▶

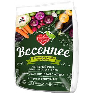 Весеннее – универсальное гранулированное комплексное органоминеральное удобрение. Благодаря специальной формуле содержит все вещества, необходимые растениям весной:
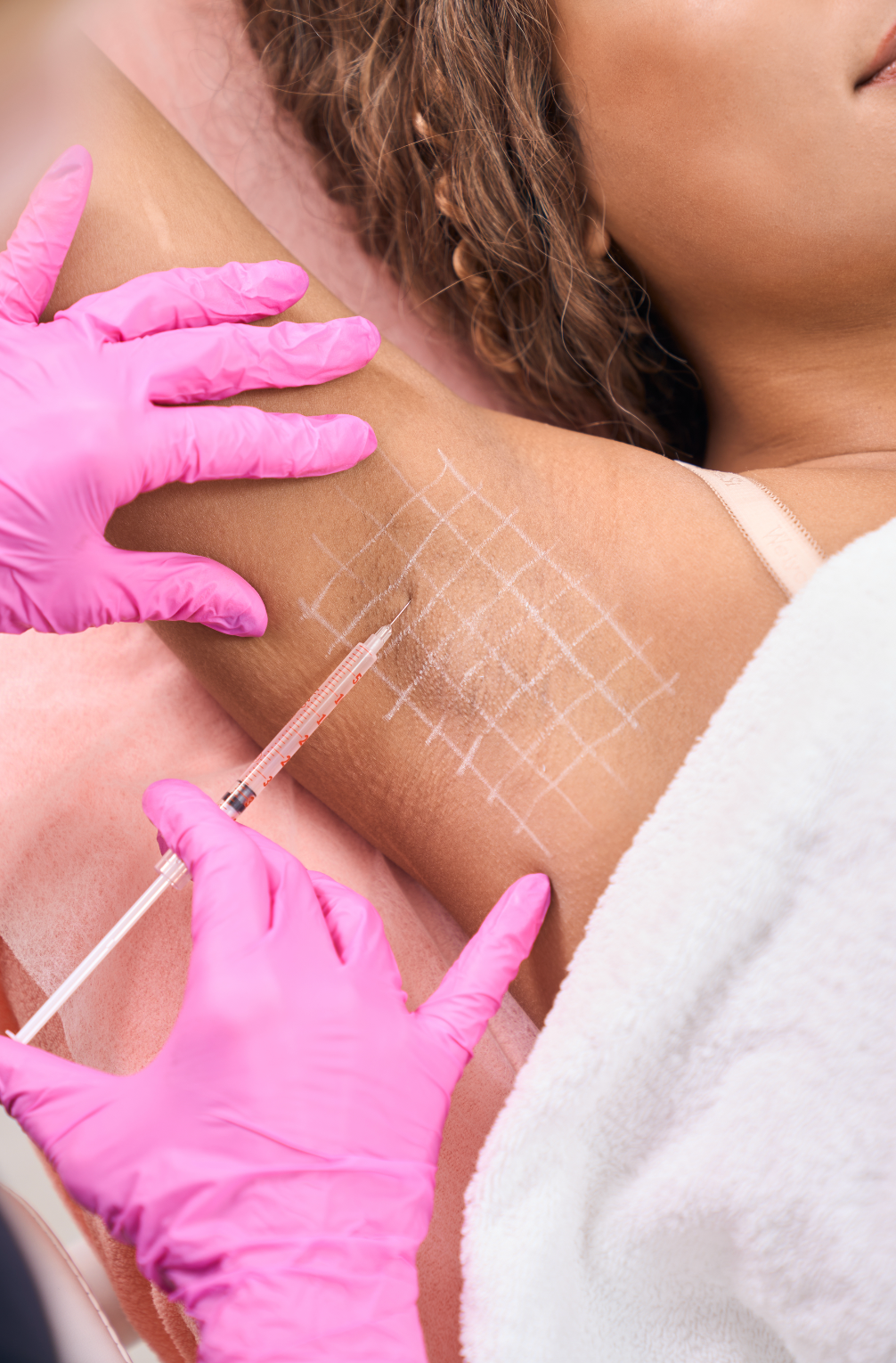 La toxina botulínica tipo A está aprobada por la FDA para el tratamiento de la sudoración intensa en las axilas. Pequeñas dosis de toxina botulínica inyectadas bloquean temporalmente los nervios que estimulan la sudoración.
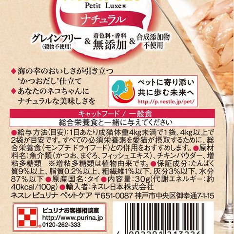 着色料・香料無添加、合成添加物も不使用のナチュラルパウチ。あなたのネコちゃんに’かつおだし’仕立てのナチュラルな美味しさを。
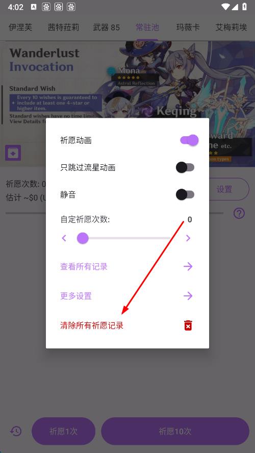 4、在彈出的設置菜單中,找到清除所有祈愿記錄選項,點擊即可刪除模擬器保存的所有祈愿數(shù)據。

◀

• [Required work]:
Print each line of the material above exactly, with the pictures removed from your copy.

• [Task solution]:
 Весеннее – универсальное гранулированное комплексное органоминеральное удобрение. Благодаря специальной формуле содержит все вещества, необходимые растениям весной:
 La toxina botulínica tipo A está aprobada por la FDA para el tratamiento de la sudoración intensa en las axilas. Pequeñas dosis de toxina botulínica inyectadas bloquean temporalmente los nervios que estimulan la sudoración.
 着色料・香料無添加、合成添加物も不使用のナチュラルパウチ。あなたのネコちゃんに’かつおだし’仕立てのナチュラルな美味しさを。
 4、在彈出的設置菜單中,找到清除所有祈愿記錄選項,點擊即可刪除模擬器保存的所有祈愿數(shù)據。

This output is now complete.